A medical operating room is seen through a door window during a tour at Whole Woman’s Health of San Antonio, Tuesday, Feb. 9, 2016, in San Antonio.  The Supreme Court will soon hear Whole Woman's Health’s challenge to HB2, Texas legislation that requires
A medical operating room is seen through a door window during a tour at Whole Woman’s Health of San Antonio, Tuesday, Feb. 9, 2016, in San Antonio. The Supreme Court will soon hear Whole Woman's Health’s challenge to HB2, Texas legislation that requires all abortion facilities to meet heightened requirements by becoming ambulatory service centers. (AP Photo/Eric Gay)
Eric Gay, AP

One week before the Supreme Court was slated to hear arguments on the biggest abortion case in decades, two of the four remaining abortion clinics in Louisiana were forced to close, with a possible third closure soon.
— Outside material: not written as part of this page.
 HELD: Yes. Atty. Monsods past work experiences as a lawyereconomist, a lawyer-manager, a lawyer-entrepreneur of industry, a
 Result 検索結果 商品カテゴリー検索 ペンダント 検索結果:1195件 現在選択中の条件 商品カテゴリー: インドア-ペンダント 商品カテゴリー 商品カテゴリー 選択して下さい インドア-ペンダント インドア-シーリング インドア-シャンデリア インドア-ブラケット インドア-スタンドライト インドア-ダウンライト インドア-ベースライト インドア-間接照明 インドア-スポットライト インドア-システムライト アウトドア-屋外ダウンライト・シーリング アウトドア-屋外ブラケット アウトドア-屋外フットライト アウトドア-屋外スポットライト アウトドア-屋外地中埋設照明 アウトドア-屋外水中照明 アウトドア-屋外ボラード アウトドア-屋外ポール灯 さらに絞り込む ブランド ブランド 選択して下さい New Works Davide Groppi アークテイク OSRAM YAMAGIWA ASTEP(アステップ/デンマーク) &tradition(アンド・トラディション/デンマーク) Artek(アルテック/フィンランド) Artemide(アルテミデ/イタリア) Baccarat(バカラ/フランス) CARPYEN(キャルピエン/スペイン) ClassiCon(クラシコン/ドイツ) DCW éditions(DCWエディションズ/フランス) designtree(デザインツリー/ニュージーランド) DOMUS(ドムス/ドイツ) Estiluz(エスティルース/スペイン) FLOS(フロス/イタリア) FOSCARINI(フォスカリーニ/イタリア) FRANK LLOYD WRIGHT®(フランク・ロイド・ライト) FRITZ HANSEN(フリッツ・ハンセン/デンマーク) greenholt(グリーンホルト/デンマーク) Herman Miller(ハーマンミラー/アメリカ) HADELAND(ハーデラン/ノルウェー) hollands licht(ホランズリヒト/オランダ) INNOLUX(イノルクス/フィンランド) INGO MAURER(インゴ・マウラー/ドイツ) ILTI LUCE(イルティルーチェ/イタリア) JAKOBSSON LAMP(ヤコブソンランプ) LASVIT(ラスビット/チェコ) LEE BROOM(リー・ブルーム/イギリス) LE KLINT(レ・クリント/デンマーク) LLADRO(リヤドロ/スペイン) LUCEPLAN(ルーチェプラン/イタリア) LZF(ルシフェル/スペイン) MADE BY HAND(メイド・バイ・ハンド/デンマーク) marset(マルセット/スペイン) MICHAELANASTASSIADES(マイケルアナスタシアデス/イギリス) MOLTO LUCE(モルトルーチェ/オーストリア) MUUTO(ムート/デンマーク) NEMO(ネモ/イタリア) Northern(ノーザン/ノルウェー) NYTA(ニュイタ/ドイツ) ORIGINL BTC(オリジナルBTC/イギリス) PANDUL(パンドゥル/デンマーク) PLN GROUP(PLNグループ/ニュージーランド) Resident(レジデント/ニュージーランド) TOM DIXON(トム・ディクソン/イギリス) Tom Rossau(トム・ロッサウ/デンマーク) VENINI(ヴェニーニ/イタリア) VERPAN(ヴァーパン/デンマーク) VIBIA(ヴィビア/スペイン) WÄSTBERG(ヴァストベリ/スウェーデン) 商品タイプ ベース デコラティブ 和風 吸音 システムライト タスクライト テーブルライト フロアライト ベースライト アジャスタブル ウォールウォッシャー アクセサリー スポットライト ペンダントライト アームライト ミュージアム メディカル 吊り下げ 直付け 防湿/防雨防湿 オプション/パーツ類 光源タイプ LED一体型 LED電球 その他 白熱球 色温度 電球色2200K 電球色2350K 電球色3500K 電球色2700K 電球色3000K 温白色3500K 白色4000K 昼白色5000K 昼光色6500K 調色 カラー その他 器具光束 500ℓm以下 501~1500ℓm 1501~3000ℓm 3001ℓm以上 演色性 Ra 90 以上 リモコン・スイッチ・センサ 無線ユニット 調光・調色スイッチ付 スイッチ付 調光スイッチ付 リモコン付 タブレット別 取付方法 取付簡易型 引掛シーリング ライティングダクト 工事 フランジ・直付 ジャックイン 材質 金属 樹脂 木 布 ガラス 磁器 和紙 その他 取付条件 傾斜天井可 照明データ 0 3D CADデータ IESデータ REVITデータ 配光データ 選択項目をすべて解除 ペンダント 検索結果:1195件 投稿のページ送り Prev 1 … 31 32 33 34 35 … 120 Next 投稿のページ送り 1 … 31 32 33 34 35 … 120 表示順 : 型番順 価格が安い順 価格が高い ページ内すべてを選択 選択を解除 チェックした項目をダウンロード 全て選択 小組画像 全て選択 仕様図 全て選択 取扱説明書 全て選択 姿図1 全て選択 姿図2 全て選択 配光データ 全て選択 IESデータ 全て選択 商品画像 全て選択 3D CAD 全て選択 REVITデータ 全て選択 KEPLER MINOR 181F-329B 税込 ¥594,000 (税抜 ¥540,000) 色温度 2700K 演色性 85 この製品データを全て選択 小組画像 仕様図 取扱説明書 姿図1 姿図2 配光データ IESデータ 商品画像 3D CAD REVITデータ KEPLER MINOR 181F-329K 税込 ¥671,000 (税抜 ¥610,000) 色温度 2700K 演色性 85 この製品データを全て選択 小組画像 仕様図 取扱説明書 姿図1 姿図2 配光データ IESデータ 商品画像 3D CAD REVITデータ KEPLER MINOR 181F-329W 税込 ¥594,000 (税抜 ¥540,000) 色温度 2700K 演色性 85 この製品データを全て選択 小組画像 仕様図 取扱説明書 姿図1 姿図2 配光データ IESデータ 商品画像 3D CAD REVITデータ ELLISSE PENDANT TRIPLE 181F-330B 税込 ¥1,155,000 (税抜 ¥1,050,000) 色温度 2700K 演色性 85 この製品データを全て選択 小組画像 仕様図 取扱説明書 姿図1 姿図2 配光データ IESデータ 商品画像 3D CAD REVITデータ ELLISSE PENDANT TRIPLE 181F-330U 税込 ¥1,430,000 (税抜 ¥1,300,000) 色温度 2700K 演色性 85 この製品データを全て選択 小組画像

The shutdowns resulted from a ruling by the 5th U.S. Circuit Court of Appeals, which overruled a lower court and gave Louisiana the right to require that abortion providers have local hospital admitting privileges.

The ruling intensified the urgency felt by both sides of the debate to get the nation's highest court to either approve or abolish the flood of anti-abortion regulations coming out of state legislatures.

Since 2011, the number of anti-abortion laws has spiked — 288 restrictions passed in the last five years, compared to 292 regulations passed in the previous 15.

The anti-abortion movement's incremental strategy of imposing restrictions at the state level has been a slow but steady march toward the ultimate goal of overturning the 1973 Supreme Court ruling that legalized abortion, says Joshua Wilson, an assistant professor of political science at the University of Denver.

And when the court convenes Wednesday to hear a Texas case, Whole Women’s Health v. Hellerstedt (formerly Cole) — referred to as one of most important abortion cases since Roe v. Wade more than 40 years ago — the anti-abortion movement can still use any outcome for momentum, insulated from major setbacks by its small-steps approach, Wilson said.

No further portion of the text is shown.